Based on the results of the research and discussion in the previous section, it can be concluded as follows: In summary, the research findings and discussions lead to the following conclusions: 1) Inflation significantly and negatively affects the stock prices of pharmaceutical companies during the pandemic, in accordance with the Arbitrage Pricing Theory (APT). 2) Gross Domestic Product (GDP) has a significant impact on the stock prices of pharmaceutical companies during the pandemic, aligning with the Arbitrage Pricing Theory (APT). 3) BI7DRR (Bank Indonesia's 7-Day Reverse Repo Rate) does not significantly influence the stock prices of pharmaceutical companies during the pandemic, contrary to the predictions of the Arbitrage Pricing Theory (APT). This may be attributed to business responses to economic uncertainty, BI's policy direction, and inflation-related risks. 4) Inflation significantly and negatively impacts the Return on Assets (ROA) of pharmaceutical companies during the pandemic, in line with the Arbitrage Pricing Theory (APT). 5) GDP positively and significantly affects the Return on Assets (ROA) of pharmaceutical companies during the pandemic, consistent with the Arbitrage Pricing Theory (APT). 6) BI7DRR does not significantly affect the Return on Assets (ROA) of pharmaceutical companies during the pandemic, which deviates from the expectations of the Arbitrage Pricing Theory (APT).
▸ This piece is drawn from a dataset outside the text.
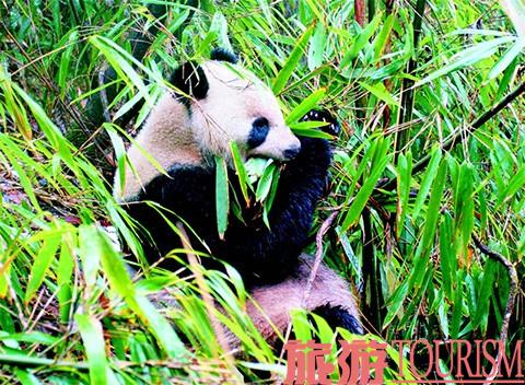 顺着大熊猫的足迹链,我们爬上哨所背后的山梁上,就在向四周查看的时候,突然发现一只大熊猫在山脊上迎面向我们走过来,嘴里还叼着一大把竹叶。在距离我们大概两三米的地方才偏向侧坡面离去,然后在竹林间自顾自地咬食巴山木竹。感恩幸运女神的眷顾,让我们得以偶遇野生大熊猫,成为弥足珍贵的记忆铭刻于心。
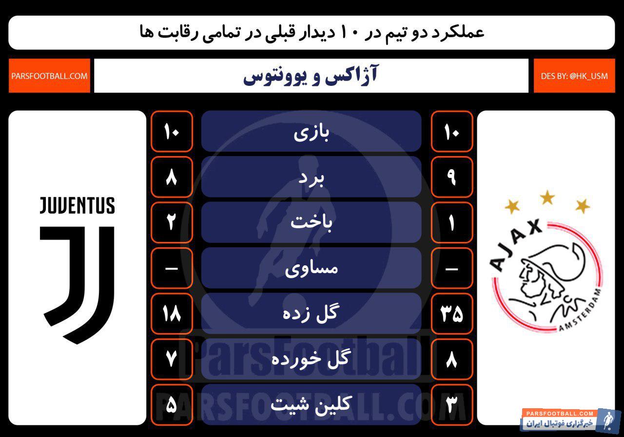 دو تیم فوتبال آژاکس و یوونتوس در مرحله یک چهارم نهایی لیگ قهرمانان اروپا به مصاف هم می روند. به بررسی عملکرد دو تیم در ده دیدار اخیر می پردازیم.

This could be influenced by business behavior in an uncertain economic environment. 7) ROA negatively influences the stock prices of pharmaceutical companies during the pandemic, in line with Signaling Theory, which suggests that companies signal information to investors through financial reports due to information asymmetry. 8) ROA can mediate the impact of inflation during the pandemic on the stock prices of pharmaceutical companies, in accordance with the Arbitrage Pricing Theory (APT) and Signaling Theory. 9) ROA cannot mediate the impact of Gross Domestic Product (GDP) during the pandemic on the stock prices of pharmaceutical companies, which contradicts the expectations of the Arbitrage Pricing Theory (APT) and Signaling Theory. 10) ROA can mediate the impact of BI7DRR during the pandemic on the stock prices of pharmaceutical companies, in line with the Arbitrage Pricing Theory (APT) and Signaling Theory.